Like most trees in Sheffield, these specimens were planted in Victorian times, before the overhead wires were installed.
That, and a lack of investment in roads over many decades, are said to be factors in why trees are now being removed.
The condition of all the 36,000 trees on Sheffield highways was assessed in 2012 and trees creating the greatest hazards were removed first. Now those found to be damaging roads or footways will go as Streets Ahead’s work to resurface streets and upgrade lights makes its way across the city zone by zone.
Data obtained by The Star last year showed 576 healthy trees were felled in two years because they were causing ‘irreparable damage or obstruction’ to roads or structures.
Mr Willis said it was roots from older trees that were breaking up footways and pushing kerbs out of line, and sometimes trees could have structural problems.
Last year a 20-year-old woman escaped major injury as she was hit by a rotten tree that smashed on to Ecclesall Road – although it was on private land rather than being a council-maintained tree.
Mr Willis added: “She was fortunate it was only a glancing blow. We’ve got a lot of trees that are causing massive damage to footpaths and carriageways.
“The highway has to meet highways standards according to the Highways Act and so for us to get them up to that standard, there are trees causing that damage which need to be removed.
“There is a reason there. We can’t not do anything about it – we have a legal responsibility.”
The trees that are being replanted are a mixture of 32 species which Amey says are more suitable for roads and will have a wider age range than Sheffield’s current stock.
Some like field maple and ornamental pear trees are used for narrow verges and restricted areas, others for grass verges and others such as elms or Persian ironwoods for high profile locations such as the city centre.

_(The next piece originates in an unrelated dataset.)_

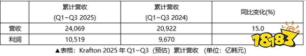 根据韩国国际会计准则(K-IFRS)编制的合并财务报表,KRAFTON第三季度营收达8,706亿韩元,同比增加1,513亿韩元(+21%);营业利润为3,486亿韩元,同比增加242亿韩元(+7.5%)。截至今年第三季度,公司累计营收达2兆4,069亿韩元,营业利润达1兆519亿韩元,首次在前三季度突破1兆韩元营业利润,创下历史新高。
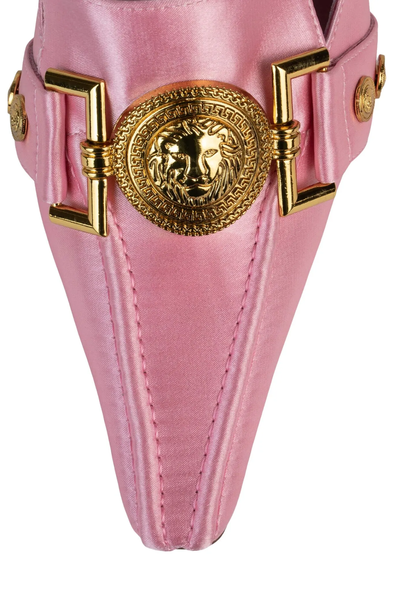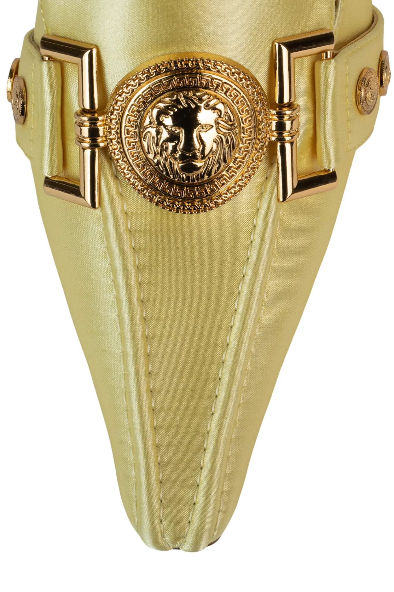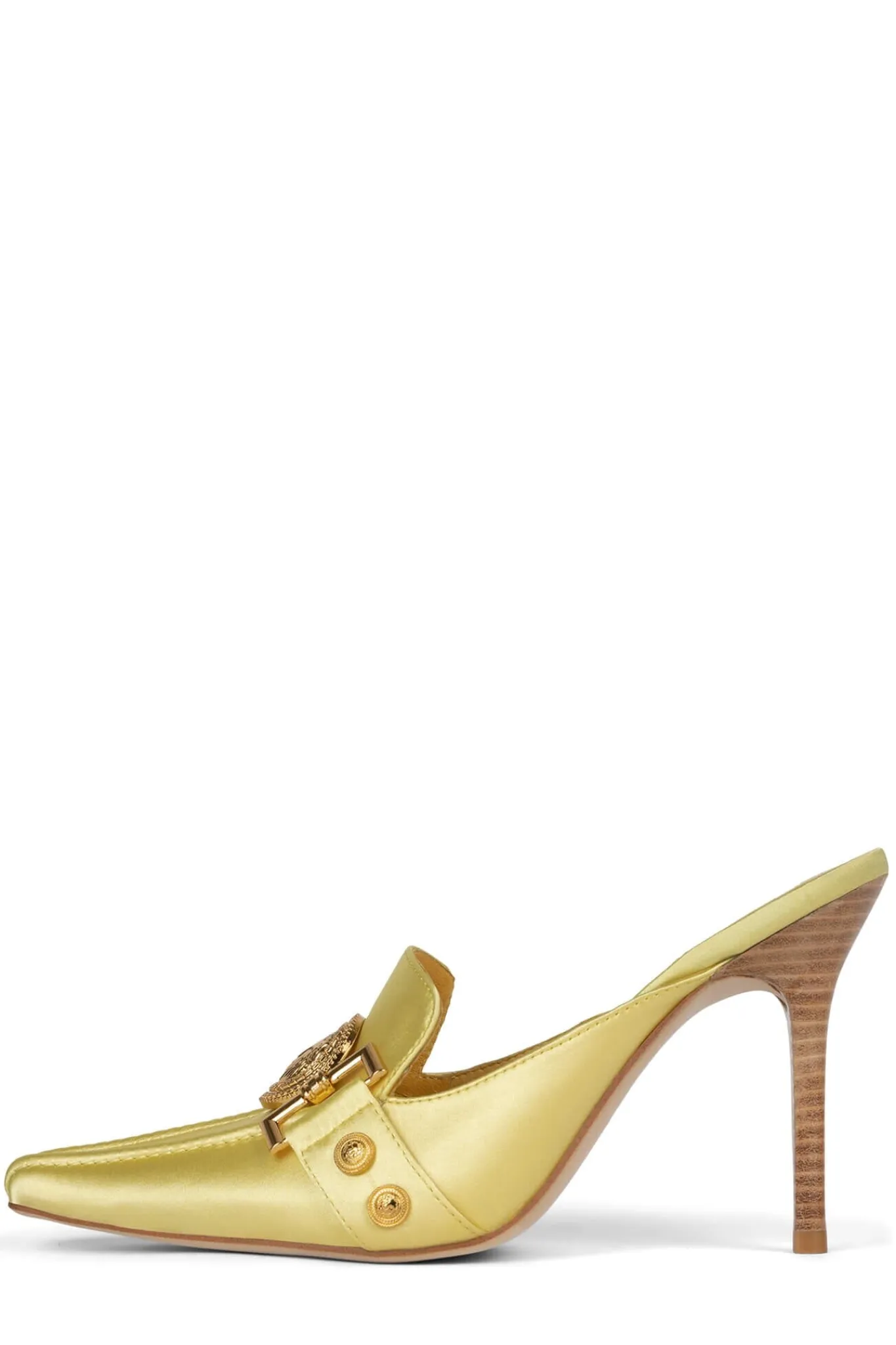 Pointed-toe stiletto loafer mule with lion emblem

Residents have been sceptical about whether the replacement of trees one-for-one actually happens – as they are not always put back in the same spot.
In Stocksbridge the oak will be replaced at Stocksbridge Junior School rather than on Oak Avenue as the roads are too narrow.
That tree, as well as one removed from Carterknowle Road because it was causing damage to pavements, have been made into decorative benches so they will live on in the community.
Mr Willis insisted trees were replaced ‘in the same position or as near as possible’ and problems were being tackled now to stop future problems.
He added: “The majority of Sheffield’s trees were planted in Victori an times andwe’ve built a city around our trees. The replacement trees for those we remove are more suitable for the highway. They’ve been tried and tested and we have first pick from across the country.
“It’s fair to say the life expectancy of a street tree is shorter than one which is standing in a woodland environment. It’s a terrible environment for them really.
“We need to get a very varied mix of young and old trees so in future if a tree does have to be removed because it is falling apart it won’t impact the street as much because there are younger trees coming up.”
With much of the city still awaiting highways work, the controversy over trees is unlikely to subside for some time, particularly as the public is not consulted but only informed of their removal.
Streets Ahead says that it has many calls from residents who have problems with trees.
“We do get a lot of calls about trees. We deal with probably a couple of hundred every month,” said Mr Willis. “That’s a mixture of people saying there is a problem with a tree, it’s blocking light or dropping leaves.”